A Semiótica da Cultura é um dos ramos dos estudos da Semiótica. Interessa-se particularmente pelos processos de produção de sentidos, a semiose, a partir das engrenagens que conformam a Cultura e suas inúmeras expressões. Sua origem remonta ao Departamento de Semiótica da Universidade de Tartu, na Estônia, nos anos 1960, país que pertencia à extinta União Soviética. Um dos principais nomes ligados a esta corrente teótica é Yuri Lotman, que propôs, a partir de diversos ensaios e artigos, as bases para o que hoje chamamosSemiótica da Cultura.

Alguns princípios centrais para os estudos da Semiótica da Cultura, como descreve a professora e pesquisadora Nísia Martins do Rosário, são os seguintes: 1) cultura nunca é um conjunto universal, mas compõe-se de subconjuntos que se organizam de tal ou tal maneira; b) as linguagens – escritas, visuais, orais, audiovisuais, etc – estão imersas em contextos específicos de uma cultura; c) a heterogeneidade e o poliglotismo fazem parte da Cultura e da Comunicação.

Irina Avramets, Yuri Lotman, Peeter Torop, Mihhail Lotman, Igor Chernov (1992)
(Fonte: Galeria da Escola de Tartu)

Semiosfera

A Semiosfera é o espaço onde ocorre a semiose, isto é, o processo de produção sentido, dentro do qual circulam e interagem os textos que compõem uma determinada Cultura.

Neste sentido, a Semiosfera está ligada a um continuum de formações semióticas que produzem diferentes tipos e níveis de organização dos processos de produção de sentido. O termo é inspirado pela definição de biosfera de Vernadski, mas assume seu acento comunicacional com o prefixo “semio”. Além disso funciona em oposição à noção de noosfera, por não se tratar de algo eminentemente material.

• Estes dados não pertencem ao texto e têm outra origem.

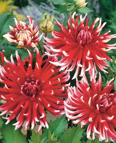 Экстравагантный сорт георгина с необычной игольчатой формой цветка. Узкие скрученные лепестки насыщенного пурпурного оттенка создают эффект взрыва фейерверка. Крупные махровые соцветия сохраняют идеальную форму даже в непогоду.

“Como ahora podemos suponer, no existen por sí solos en forma aislada sistemas precisos y funcionalmente unívocos que funcionan realmente. La separación de éstos está condicionada únicamente por una necesidad heurística. Tomado por separado, ninguno de ellos tiene, en realidad, capacidad de trabajar. Sólo funcionan estando sumergidos en un continuum semiótico, completamente ocupado por formaciones semióticas de diversos tipos y que se hallan en diversos niveles de organización. A ese continuum, por analogía con el concepto de biosfera introducido por V. I. Vernadski, lo llamamos semiosfera” (LOTMAN, 1996, p. 11)

Nada pode ser compreendido fora de uma dada semiosfera, qual seja ela. Como define Lotman, a semiosfera é um universo semiótico onde as diferentes linguagens e textos, articuladas entre si, produzirão uma certa tendência interpretativa de acordo com as próprias estruturalidades da cultura[1] em questão.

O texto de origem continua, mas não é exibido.